03/08/2021 | Press release | Distributed by Public on 03/08/2021 06:42
SKOPJE, 8 March 2021 - Today, on the occasion of International Women's day, the OSCE Mission to Skopje and the Ministry of Labour and Social Policy of North Macedonia published a Mission-supported analysis on the impact of the COVID-19 pandemic on gender and diversity. The analysis shows that the pandemic, and the response to it, has had a disproportionally negative effect on women in all sectors and age groups.
According to the study, mothers are almost 70 percent more likely than fathers to have taken the role of the main caregiver, following the closure of schools and kindergartens.
'If not properly addressed by targeted government policies, the crisis created by the COVID-19 pandemic may also increase inequality, exclusion, and discrimination. Women in general, and vulnerable groups such as Roma, single mothers, persons with disabilities, and rural women in particularly are the most affected,' said Clemens Koja, Head of the OSCE Mission to Skopje during the online event.
Minister of Labour and Social Policy Jagoda Shahpaska said: 'The pandemic was not an obstacle; on the contrary, it was a challenge to adopt two key laws that largely affect women, namely the Law on Prevention and Protection against Discrimination and the Law on Prevention and Protection from Violence against Women and Domestic Violence.
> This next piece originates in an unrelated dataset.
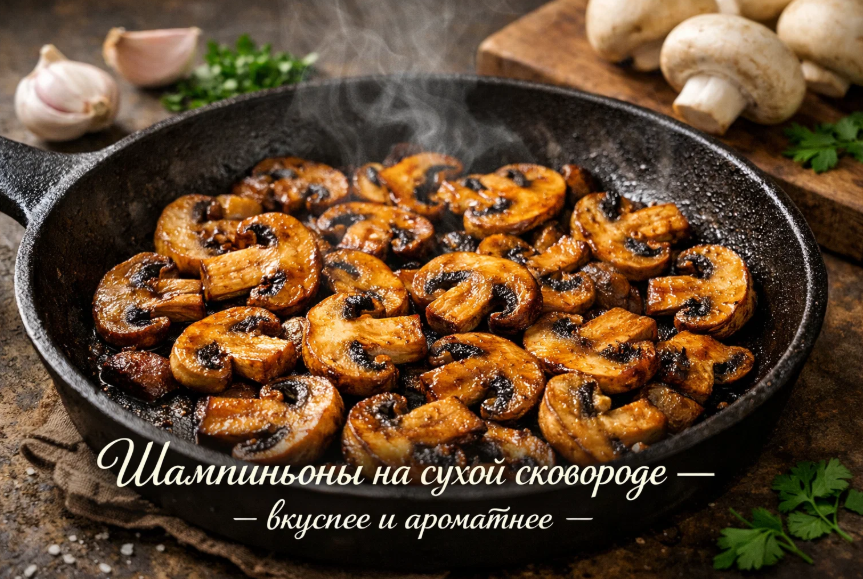 Я честно не понимаю, почему этот способ до сих пор не стал повсеместным. Возможно, дело в привычке. Нас с детства учили, что жарить — значит на масле. Но стоит один раз увидеть, как шампиньоны преображаются на сухой сковороде, и старые привычки уходят сами собой. Попробуйте — и вы поймёте, о чём я говорю.

This is proof that women are most powerful when they are united. There is still a lot of work to be done in the field of eliminating discrimination in the labour market and ensuring gender-responsive budgeting, but above all the challenge is to fight the pandemic and adapt to the new normal.'
The analysis, available at https://www.osce.org/mission-to-skopje/480401, was developed together with the Centre for Research and Policy Making and the civil society organizations Radar, Polio Plus, Rural Coalition, and the National Network to End Violence against Women and Domestic Violence.